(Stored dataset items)
- Opening Delimiter -

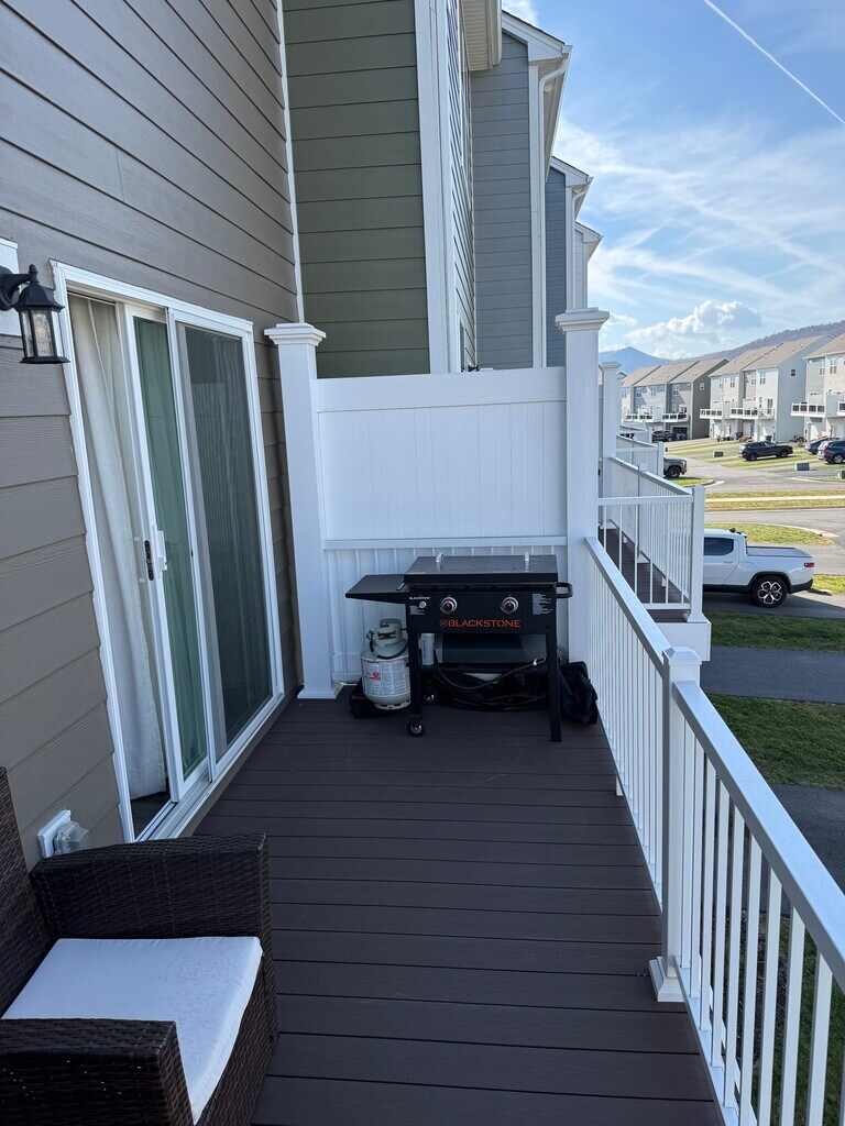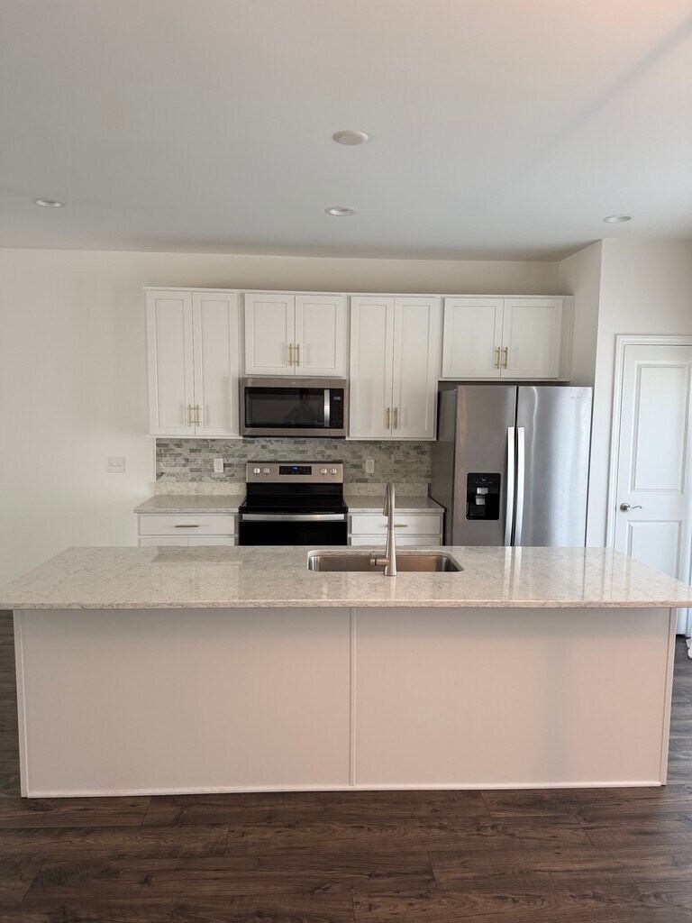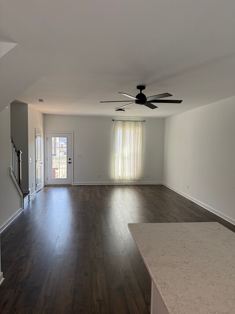 Luxury townhome for rent in the Daleville Town Center! Ready for occupancy immediately. 3 story, 2 bed, 2.5 bath. Hardwood floors throughout. Quartz countertops in the kitchen with a large 9 foot island. Stainless steel appliances. This unique home offers a covered balcony and covered front porch with beautiful views of the mountain range and the amphitheater where the summer concerts are held. There's a deck on the back of the house and a single car garage. Both bedrooms offer large walk-in closets with the master bedroom boasting a vaulted ceiling. First floor is an open study/rec room. Second floor is the main level with kitchen and living room. Top floor is both bedrooms and laundry room. All curtains, ceiling fans, and lighting fixtures pictured are included. Only 60 seconds from multiple restaurants in the Town Center and the YMCA. Very convenient and beautiful place to live. Great for young professionals or a family. 1, 2, or 3 year lease agreements available with guaranteed rate lock. No smoking. Pets allowed. Security deposit (refundable) and first month's rent due at signing. Reach out to schedule showing
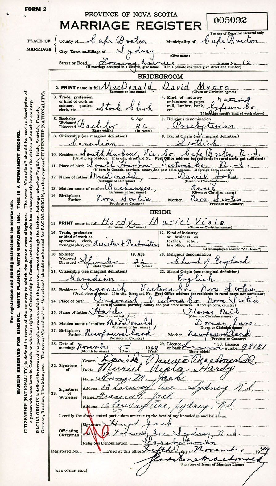 Registration: Year: 1949 number: 005092
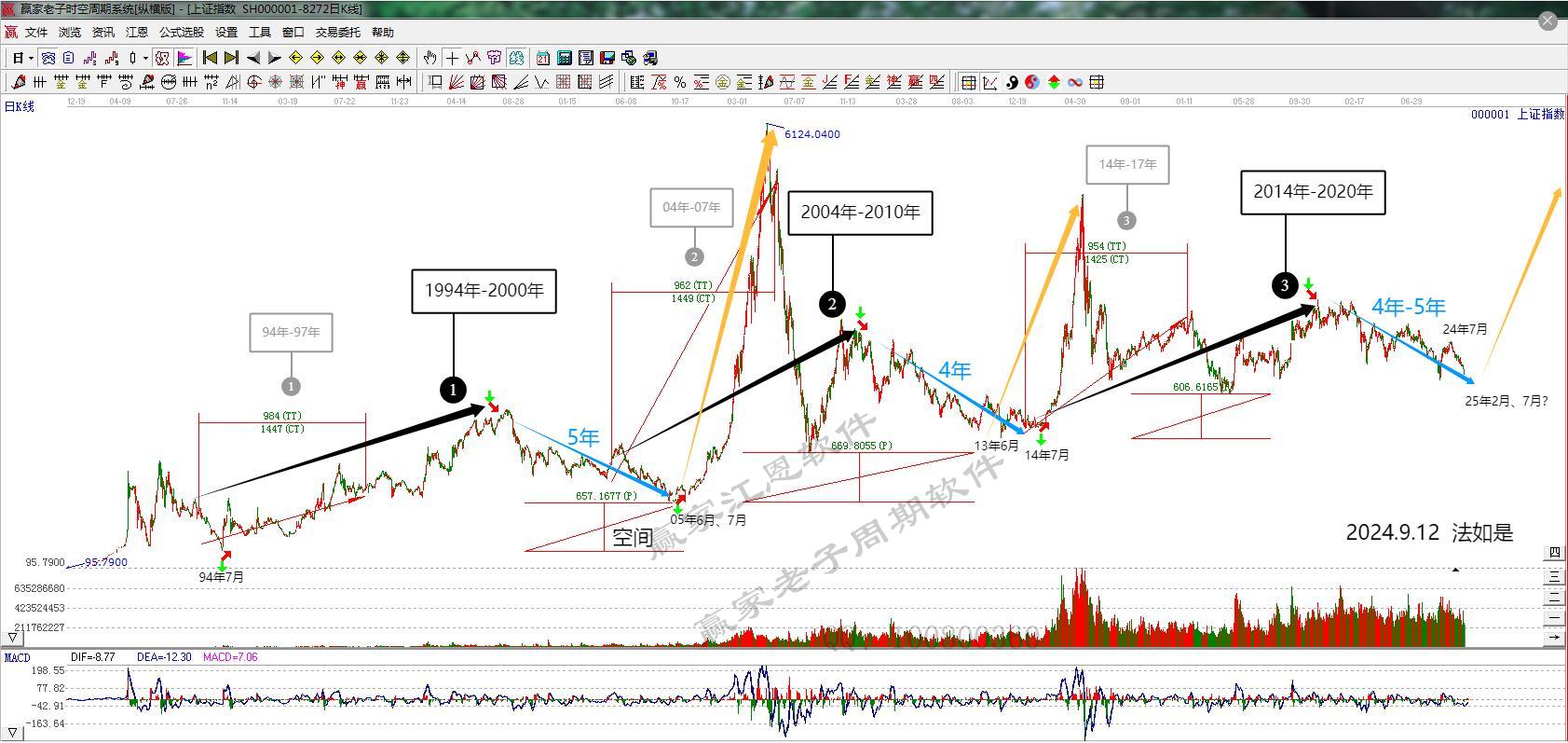 再看時間,縱觀歷史以94年為時間起點,每輪大的上漲周期均為6年,下跌周期為4年,共計10年。說明:贏家的時空周期誤差單位為1(年/月/周/日),若以年為單位,上下空間幅度在100點之內(nèi)(即是圖中669點-606點),左右時間的誤差同樣在1年(即是圖中回調(diào)4年-5年)。以月為單位,每次大牛的時間啟動點均在7月(即是圖中的6月7月),研究歷史預(yù)判未來,以史為鏡知興替。本次時空圖表顯示,上證指數(shù)即將醞釀形成第四輪大牛市,相似相當(dāng)即為重復(fù),預(yù)計本輪時間啟動點大概率還會在2025年7月左右?;仡櫄v史,下跌5年周期后,空間拉升歷史最高點6000點,那么本輪若同樣以回調(diào)5年的重復(fù),空間6000點-10000點都是大有可能的。同理再往后大膽預(yù)測小心求證,2030年是否同樣要規(guī)避4-5年的風(fēng)險周期?直至2034年左右重新開啟新一輪的牛市行情?老祖宗說過,歷史在重復(fù)發(fā)生...太陽底下沒有新鮮事...所以時勢造英雄,一定是順勢而為!
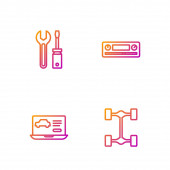 Linia montażowa Gumowe tłok, hydraulik, Przemysł metalowe rury i skrzynka narzędziowa. Ikony kolorów gradientu. Wektor
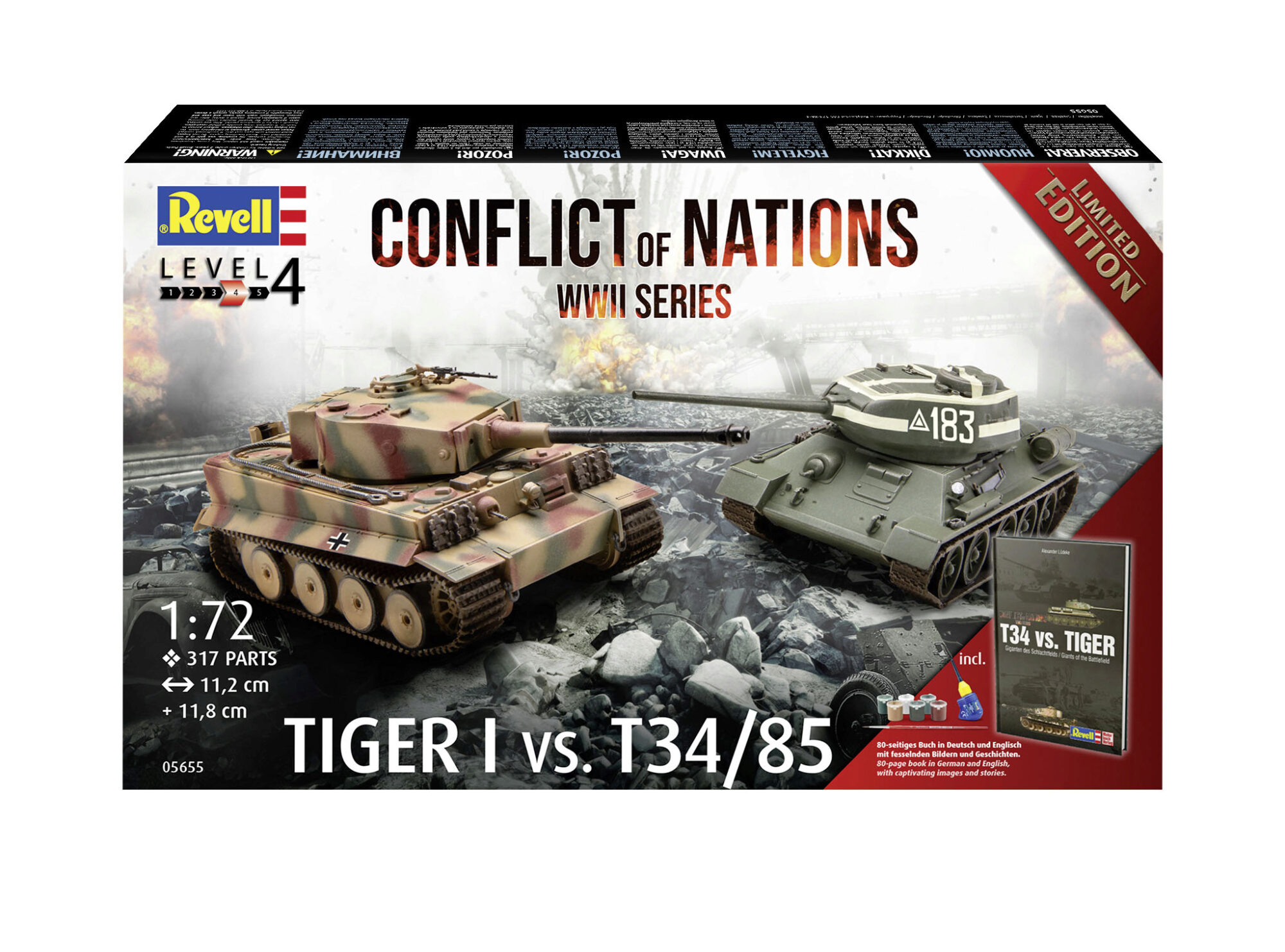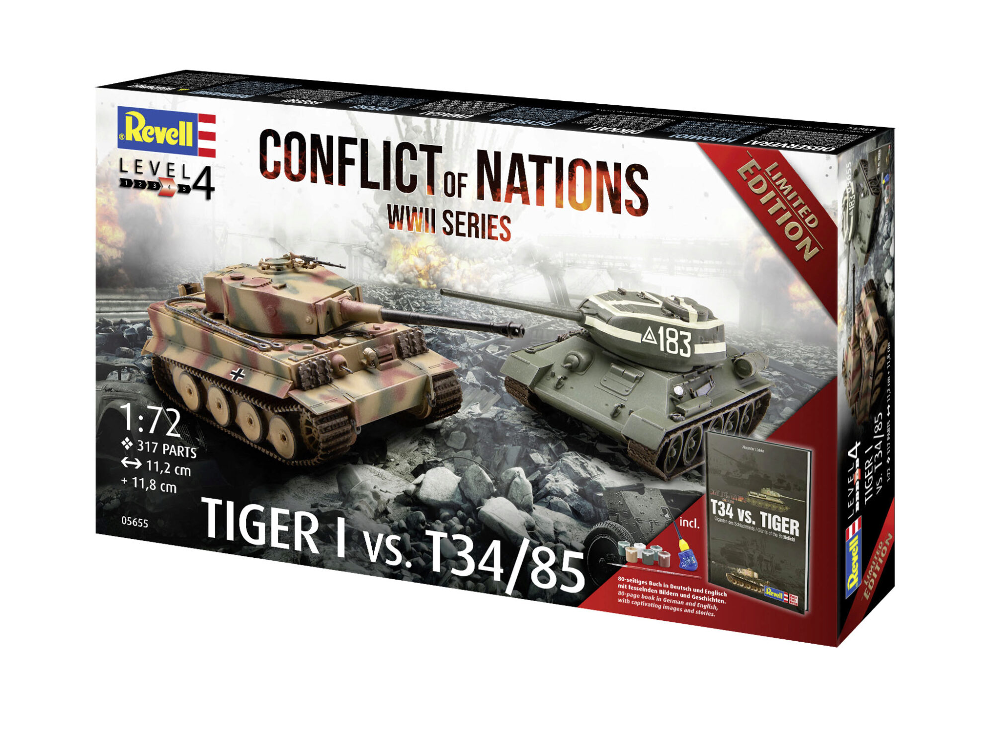 Willkommen beim Conflict of Nations: WWII Exclusive-Set, einer einzigartigen Gelegenheit für Geschichtsenthusiasten und Modellbau-Enthusiasten. In diesem Set finden Sie zwei erstklassige Modellbausätze im Maßstab 1:72 - den legendären T-34/85 und den gefürchteten Tiger I. Mit insgesamt 317 Teilen können Sie diese ikonischen Panzer detailgetreu nachbilden.

- Closing Delimiter -

### Problem details
What you return must match, line for line, the records from the line containing "Linia montażowa Gumowe" through their end, with both ends included and no pictures.

### Exercise result
 Linia montażowa Gumowe tłok, hydraulik, Przemysł metalowe rury i skrzynka narzędziowa. Ikony kolorów gradientu. Wektor
 Willkommen beim Conflict of Nations: WWII Exclusive-Set, einer einzigartigen Gelegenheit für Geschichtsenthusiasten und Modellbau-Enthusiasten. In diesem Set finden Sie zwei erstklassige Modellbausätze im Maßstab 1:72 - den legendären T-34/85 und den gefürchteten Tiger I. Mit insgesamt 317 Teilen können Sie diese ikonischen Panzer detailgetreu nachbilden.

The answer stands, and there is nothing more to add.